Another way to describe $G$-sets is the functor category $[\mathrm{Gr},\mathrm{Set}]$, where $\mathrm{Gr}$ is the groupoid (category) with one element and isomorphic to the group $G$. Indeed, every functor $F$ of this category defines a set $X=F(\mathrm{Gr})$ and for every $g$ in $G$ (i.e. for every morphism in $\mathrm{Gr}$) induces a bijection $F_g$ : $X\to X$. The categorical structure of the functor $F$ assures us that $F$ defines a $G$-action on the set $G$. The (unique) representable functor $F : \mathrm{Gr} \to \mathrm{Set}$ is the Cayley representation of $G$. In fact, this functor is isomorphic to $\mathrm{Hom}(\mathrm{Gr},-)$ and so sends $\mathrm{ob}(\mathrm{Gr})$ to the set $\mathrm{Hom}(\mathrm{Gr},\mathrm{Gr})$ which is by definition the "set" $G$ and the morphism $g$ of $\mathrm{Gr}$ (i.e. the element $g$ of $G$) to the permutation $F_g$ of the set $G$. We deduce from the Yoneda embedding that the group $G$ is isomorphic to the group $\{F_g\mid g\in G\}$, a subgroup of the group of permutations of $G$.

==== Finite set ====
Consider the group action of $\Z/2\Z$ on the finite set $X = \{-2, -1, 0, 1, 2\}$ where 1 acts by taking each number to its negative, so $-2 \mapsto 2$ and $1 \mapsto -1$. The quotient groupoid $[X/G]$ is the set of equivalence classes from this group action $\{[0],[1],[2]\}$, and $[0]$ has a group action of $\Z/2\Z$ on it.
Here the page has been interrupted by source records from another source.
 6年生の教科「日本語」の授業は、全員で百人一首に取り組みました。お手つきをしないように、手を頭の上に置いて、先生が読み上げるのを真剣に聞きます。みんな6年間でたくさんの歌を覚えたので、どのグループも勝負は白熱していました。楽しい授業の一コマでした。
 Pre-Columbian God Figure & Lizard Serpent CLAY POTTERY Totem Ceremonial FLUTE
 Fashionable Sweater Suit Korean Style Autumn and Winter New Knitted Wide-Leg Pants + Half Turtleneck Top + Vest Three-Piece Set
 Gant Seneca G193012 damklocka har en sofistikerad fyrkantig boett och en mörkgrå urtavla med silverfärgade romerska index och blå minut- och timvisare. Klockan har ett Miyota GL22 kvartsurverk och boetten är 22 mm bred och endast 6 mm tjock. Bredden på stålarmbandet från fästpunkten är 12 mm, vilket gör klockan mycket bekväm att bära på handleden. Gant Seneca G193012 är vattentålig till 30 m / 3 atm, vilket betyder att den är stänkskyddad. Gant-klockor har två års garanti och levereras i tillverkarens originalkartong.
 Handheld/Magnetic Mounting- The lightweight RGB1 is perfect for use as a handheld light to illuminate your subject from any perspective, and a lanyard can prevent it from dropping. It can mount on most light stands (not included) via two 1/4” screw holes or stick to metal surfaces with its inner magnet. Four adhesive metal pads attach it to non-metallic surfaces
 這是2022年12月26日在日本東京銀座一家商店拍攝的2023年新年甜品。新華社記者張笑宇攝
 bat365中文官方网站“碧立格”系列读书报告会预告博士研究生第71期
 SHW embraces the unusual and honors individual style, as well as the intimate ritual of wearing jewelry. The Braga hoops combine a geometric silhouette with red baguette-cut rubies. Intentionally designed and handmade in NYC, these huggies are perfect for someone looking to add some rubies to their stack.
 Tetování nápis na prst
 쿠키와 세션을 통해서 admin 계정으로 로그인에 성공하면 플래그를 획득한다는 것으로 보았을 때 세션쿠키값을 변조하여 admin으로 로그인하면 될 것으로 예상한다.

==== Quotient variety ====
Any finite group $G$ that maps to $\mathrm{GL}(n)$ gives a group action on the affine space $\mathbb{A}^n$ (since this is the group of automorphisms). Then, a quotient groupoid can be of the form $[\mathbb{A}^n/G]$, which has one point with stabilizer $G$ at the origin. Examples like these form the basis for the theory of orbifolds. Another commonly studied family of orbifolds are weighted projective spaces $\mathbb{P}(n_1,\ldots, n_k)$ and subspaces of them, such as Calabi–Yau orbifolds.

=== Inertia groupoid ===

The inertia groupoid of a groupoid is roughly a groupoid of loops in the given groupoid.

=== Fiber product of groupoids ===
Given a diagram of groupoids with groupoid morphisms
 $$\begin{align}
 & & X \\
 & & \downarrow \\
Y &\rightarrow & Z
\end{align}$$
where $f:X\to Z$ and $g:Y\to Z$, we can form the groupoid $X\times_ZY$ whose objects are triples $(x,\phi,y)$, where $x \in \text{Ob}(X)$, $y \in \text{Ob}(Y)$, and $\phi: f(x) \to g(y)$ in $Z$. Morphisms can be defined as a pair of morphisms $(\alpha,\beta)$ where $\alpha: x \to x'$ and
$\beta: y \to y'$ such that for triples $(x,\phi,y), (x',\phi',y')$, there is a commutative diagram in $Z$ of $f(\alpha):f(x) \to f(x')$, $g(\beta):g(y) \to g(y')$ and the $\phi,\phi'$.

=== Homological algebra ===
A two term complex
 $C_1 ~\overset{d}{\rightarrow}~ C_0$
of objects in a concrete Abelian category can be used to form a groupoid. It has as objects the set $C_0$ and as arrows the set $C_1\oplus C_0$; the source morphism is just the projection onto $C_0$ while the target morphism is the addition of projection onto $C_1$ composed with $d$ and projection onto $C_0$. That is, given $c_1 + c_0 \in C_1\oplus C_0$, we have
 $t(c_1 + c_0) = d(c_1) + c_0.$
Of course, if the abelian category is the category of coherent sheaves on a scheme, then this construction can be used to form a presheaf of groupoids.

=== Puzzles ===

While puzzles such as the Rubik's Cube can be modeled using group theory (see Rubik's Cube group), certain puzzles are better modeled as groupoids.

The transformations of the fifteen puzzle form a groupoid (not a group, as not all moves can be composed). This groupoid acts on configurations.

=== Mathieu groupoid ===

The Mathieu groupoid is a groupoid introduced by John Horton Conway acting on 13 points such that the elements fixing a point form a copy of the Mathieu group M_{12}.

== Relation to groups ==

If a groupoid has only one object, then the set of its morphisms forms a group. Using the algebraic definition, such a groupoid is literally just a group. Many concepts of group theory generalize to groupoids, with the notion of functor replacing that of group homomorphism.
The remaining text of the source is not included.